Too often, new technologies and the technically-skilled people to support them are deployed to “fix” performance issues, at significant cost but with little consideration of the processes or metrics used to drive performance. The most cost-effective way to monitor compliance of the processes and procedures used across the enterprise is to design the processes with performance monitoring in mind. In some cases only minor changes to existing processes are needed, but in others complete re-engineering can be required.
An alternative and less-than-ideal approach to implementing performance monitoring is to create separate processes that periodically audit or sample the processes, procedures, and practices that are being used to plan, schedule, operate and maintain assets. While this can be effective, it necessitates additional personnel and creates the impression (if not the reality) of additional work burden to produce the evidence required for these audits or samples.
Proactive monitoring seeks assurance that the organization’s physical assets and AMS are operating as intended and will meet stakeholders’ needs into the future. In practice, this requirement is the same as reactive monitoring; the difference is timing. It’s similar to comparing Root Cause Analysis and Root Cause Failure Analysis. Both are analytical tools that resolve real or potential problems, but differ in when you perform the analysis. If you perform it after the failure or incident it is reactive; if you perform it before the failure, it’s proactive.
Like with reactive monitoring, the best solution is to build monitoring and analysis into the standardized processes and proceduresthat are used to perform all tasks or activities that directly or indirectly affect asset performance and reliability. Use key performance indicators designed to measure true leading and lagging indicators of asset performance and condition, as well as the work processes or procedures used to plan, schedule, operate and maintain them. These KPIs must be measuring the right activities to be effective. For example, preventive maintenance compliance is only valid as a leading indicator when the right tasks are performed, at the right time, and on the right asset. Otherwise, these PMs may be non-value-added work.
An AMS that depends on lagging indicators is, by definition, reactive. To be proactive and effective the AMS must also include leading indicators that foretell non-conformance or deficiencies that can be expected at some point in the future. The mistake that too many companies make is limiting their AMS indicators to maintenance or failure-centric deficiencies, limiting focus to things such as preventive maintenance compliance, wrench time, and maintenance planning effectiveness. While maintenance and failure or breakdown performance is important, there are many more aspects to asset management that must be considered and monitored for the AMS to be effective.

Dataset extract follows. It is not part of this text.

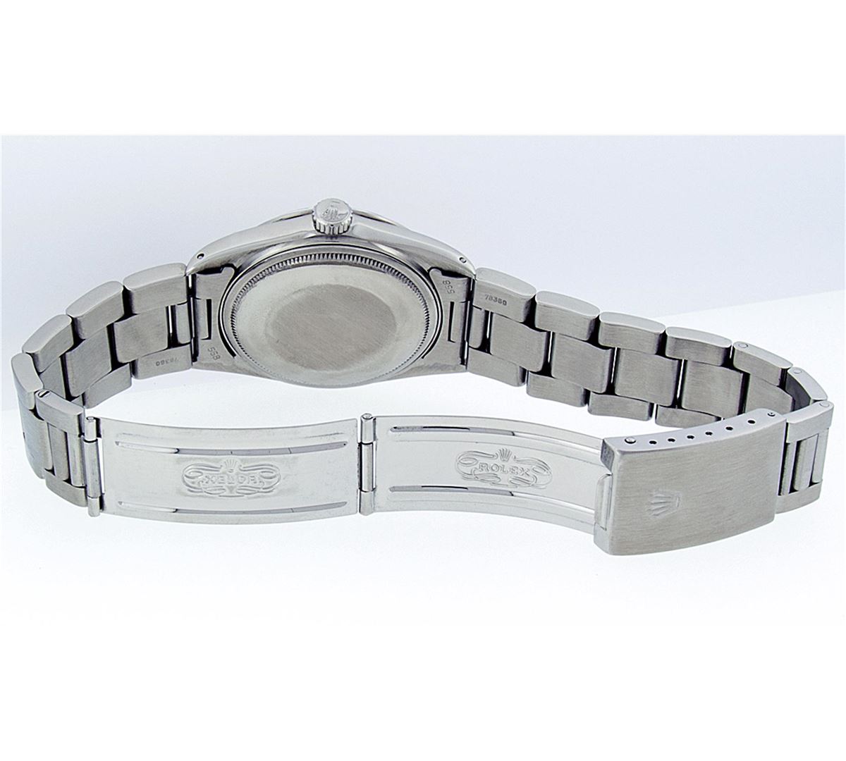 One Gents Rolex Stainless Steel Datejust Polished Bright with Satin Finish, Serviced & Electronically Tested, Stainless Steel Case: 36mm, Stainless Steel Crown, Bezel: Stainless Steel Smooth Bezel. Crystal: Synthetic Sapphire Cyclops Lens. Movement: Automatic Winding Movement Caliber 3135. Dial: Cream Roman Dial. Date Window: 3 O'Clock Position Date Display, Quickset, Model: Datejust. Condition: G-6 Extra Fine. Bracelet: Stainless Steel Oyster Band. Bright Polish & Satin Finish. 7.0 Inch Length, Adjustable. Standard Clasp, With Rolex Logo. Comes with 6 month warranty.

At a minimum, the leading and lagging indicators must include all of the performance indicators that define the operating effectiveness and efficiency of assets, both physical and human. Metrics such as labor hours per unit, cost of goods sold, energy usage per unit, etc. are effective leading and lagging indicators that provide the means to manage assets effectively. In addition to definitions and terminology, each metric must be tied to the decision-makers that can take action should that metric begin to stray.
The obstacle to overcome is how to monitor and evaluate the performance and condition of critical assets through the massive volume of data that must be acquired, manipulated, interpreted, and finally converted into actionable conclusions.
Many have tried to create systems, manual and automated, to extract the raw data from the myriad of data systems throughout the enterprise and massage it into useful information. Even the few organizations that have managed to fully integrate their enterprise information management systems and have automated most of the processes therein still need the data interpreted and corrective actions determined.
Once structured performance monitoring is in place, the financial opportunities that lie within your asset management system will become apparent and mitigating and eliminating these limiting factors will lead to real performance gains and continuous improvement. The result is greater asset utilization and a higher return on net assets while driving to the lowest possible cost of ownership.